Fig. 6. HiPore-C reveals a cell type-specific enhancer hub at the β-globin locus.

Clustering of HiPore-C reads covering the human β-globin locus in K562 (a) and GM12878 (b) cells (The HiPore-C reads were binned at 1 kb resolution. Only reads containing three or more fragments in the region of Chr11:5.19-5.30 Mb were used to perform clustering. Fifty percent of the reads from each cluster were randomly selected and visualized in multi-contact read panels). Multiway contact analysis anchored at human ε- and Gγ-/Aγ-globin gene promoters in K562 (c) and GM12878 (d) cell lines.
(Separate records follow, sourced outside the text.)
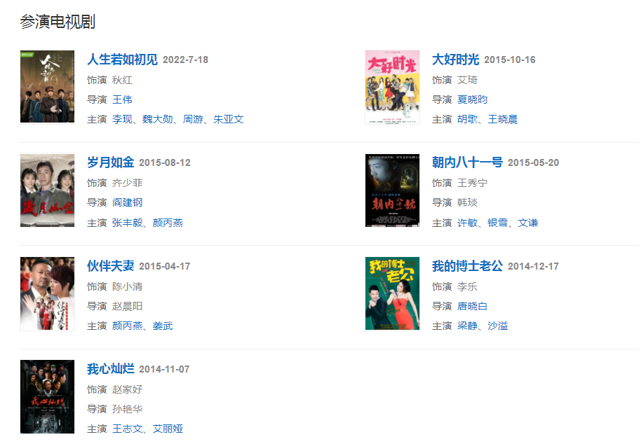 代表作品:踏血尋梅、脫皮爸爸、我心燦爛、我的博士老公、人生若如初見、風(fēng)再起時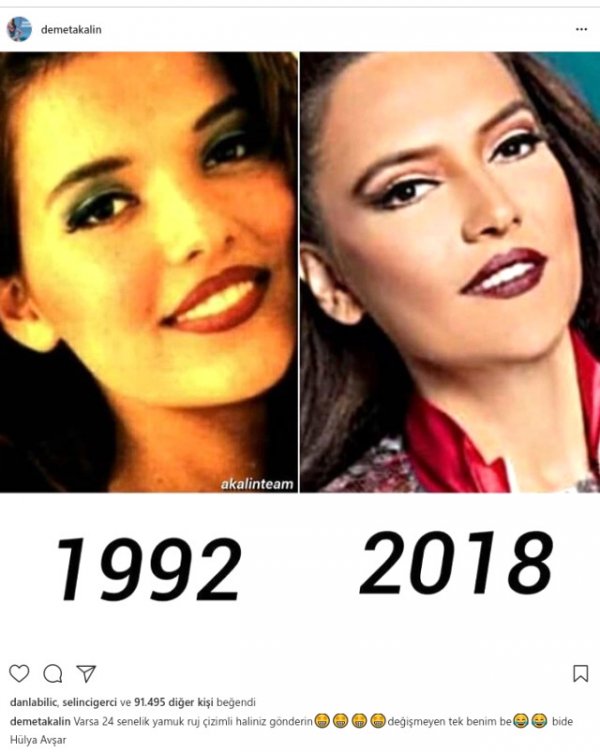 Demet Akalın, yoğun konser maratonuna devam ediyor. Demet Akalın, bu yılın yaz aylarında en çok sahne alan sanatçıları arasında yerini alıyor. Gündemde sosyal medya paylaşımlar ile sık sık gündem olan Demet Akalın, son paylaşımı ile yine dikkatleri üzerine çekmeyi başardı. Demet Akalın, 26 yıl önce çektirdiği fotoğrafıyla şimdiki halini paylaştı. Ruj sürme tekniğim aynı diyen ünlü şarkıcı, estetik yaptırmadığını ise “Varsa 24 senelik yamuk ruj çizimli haliniz gönderin? Değişmeyen tek benim be. Bir de Hülya Avşar” diyerek paylaşımda bulundu…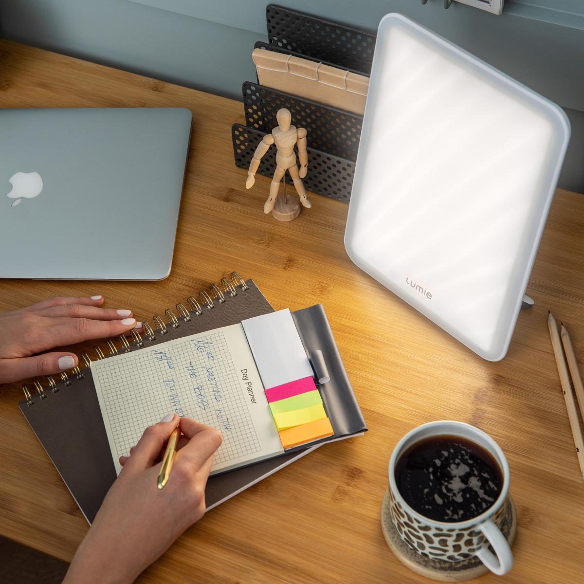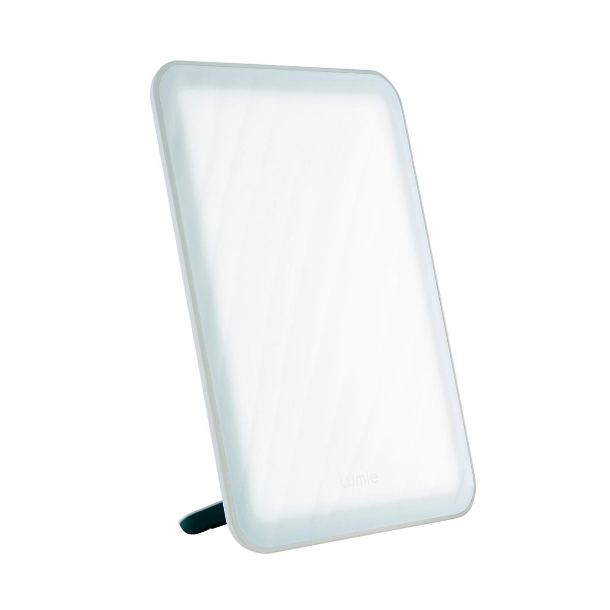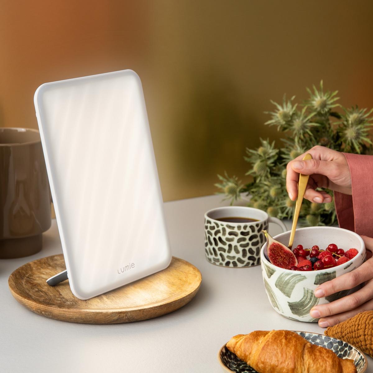 Brighten up your workspace with this table lamp. The Lumie Vitamin L provides a daily dose of light therapy to compensate for a lack of sunshine, particularly in autumn and winter, making it an effective solution for treating symptoms related to winter blues and Seasonal Affective Disorder (SAD). The simulated sunlight helps improve mood, energy, and focus, promoting a better sense of well-being during the darker months. This lamp is designed for convenience and can be used in various settings. Whether you're at home, in the office or studying, you can “recharge your batteries” naturally with 30 minutes of light therapy. Its slim design and portability make it easy to take with you on the go, allowing you to incorporate light therapy into your daily routine wherever you are. Despite its compact size, the Vitamin L delivers high performance. The relatively large screen ensures a sufficient light output, allowing for an effective treatment experience. It can be used in portrait or landscape position, offering flexibility to suit your preference. This lamp features a rippled diffuser that provides a soft and comfortable light, ensuring a pleasant user experience. The device is energy-efficient and UV-free, making it safe and efficient to use for extended periods. The Vitamin L delivers the industry standard 10,000 lux at a distance of 20 cm, ensuring that you receive the optimal light intensity for effective light therapy. The recommended use is 30 minutes at 20 cm, with the option to extend the duration if preferred at a further distance, such as 60 minutes at an arm’s length for example.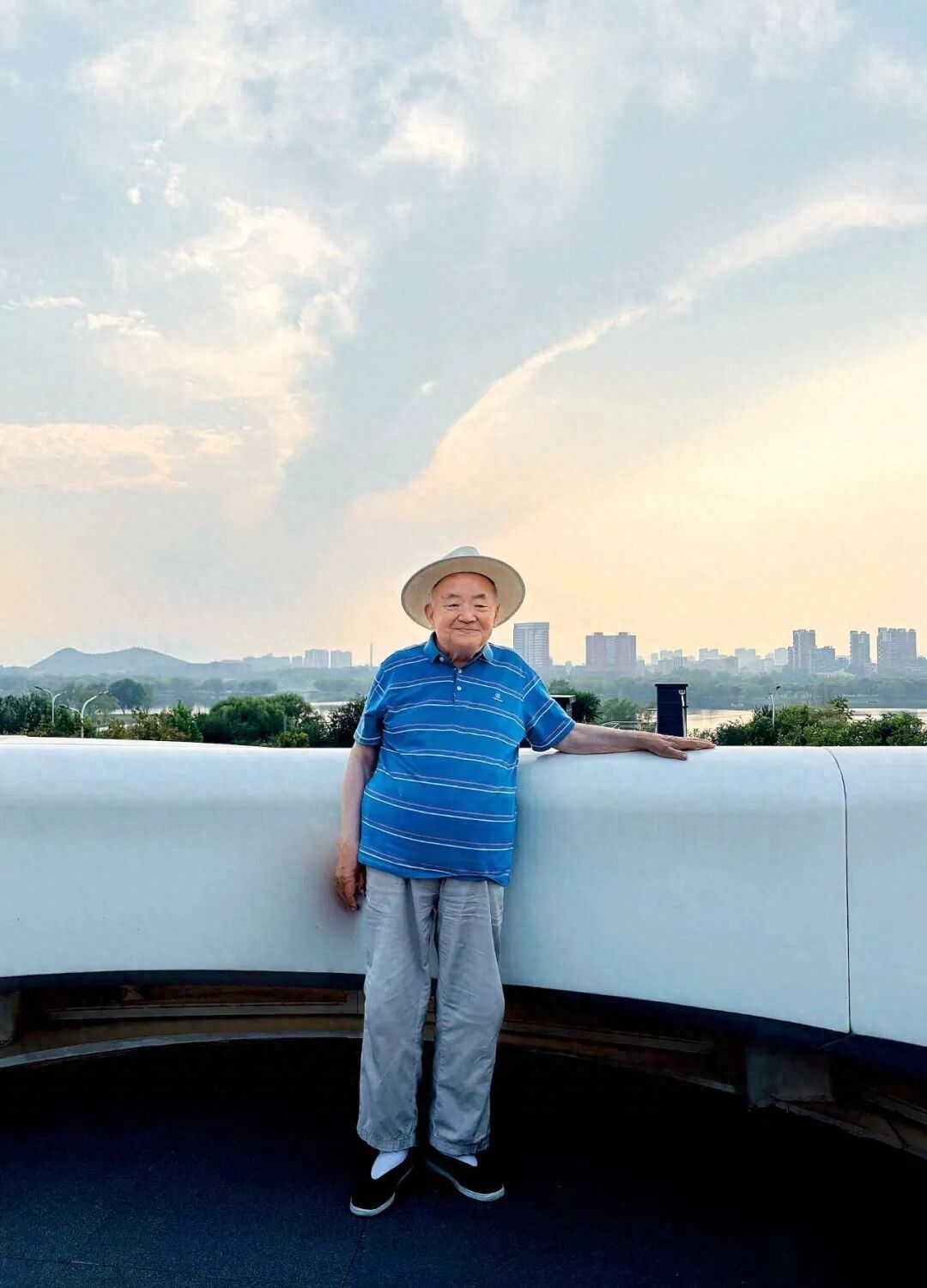 钱理群步下轮椅,在泰康燕园观景台前留影。他说,自己现在是沉浸在周遭世界之中,又出入于天地之间。摄影/黄卫

Viewpoints are shown as anchors. Reads from each cluster were randomly sampled 100 times to generate subsample sets. The relative appearance frequency of reads with viewpoints was calculated. Lines with shading represent the mean±sd of the bin relative appearance frequency in the subsample sets. The statistical significance of the relative appearance frequency of bins was calculated by comparing the two clusters using a two-sided Welch’s test with Bonferroni correction and is depicted with gray and dark red bars (gray, non-significant, adjusted P > = 0.01; red, significant, adjusted P < 0.01). e Multiway contacts at the human β-globin gene locus formed by simultaneous interactions of human ε- and Gγ-/Aγ-globin genes and two hypersensitive enhancer sites (HS2 and HS1). f A graphic showing the multiway contacts formed by simultaneous interactions of three human ε- and Gγ-/Aγ-globin genes and two hypersensitive enhancer sites (HS2 and HS1). g Multiway contacts at the human β-globin gene locus formed by simultaneous interactions of the human ε-globin gene and hypersensitive sites (HS2, HS1, and HS5-HS3) in the locus control region. h A graphic showing the multiway contacts in g.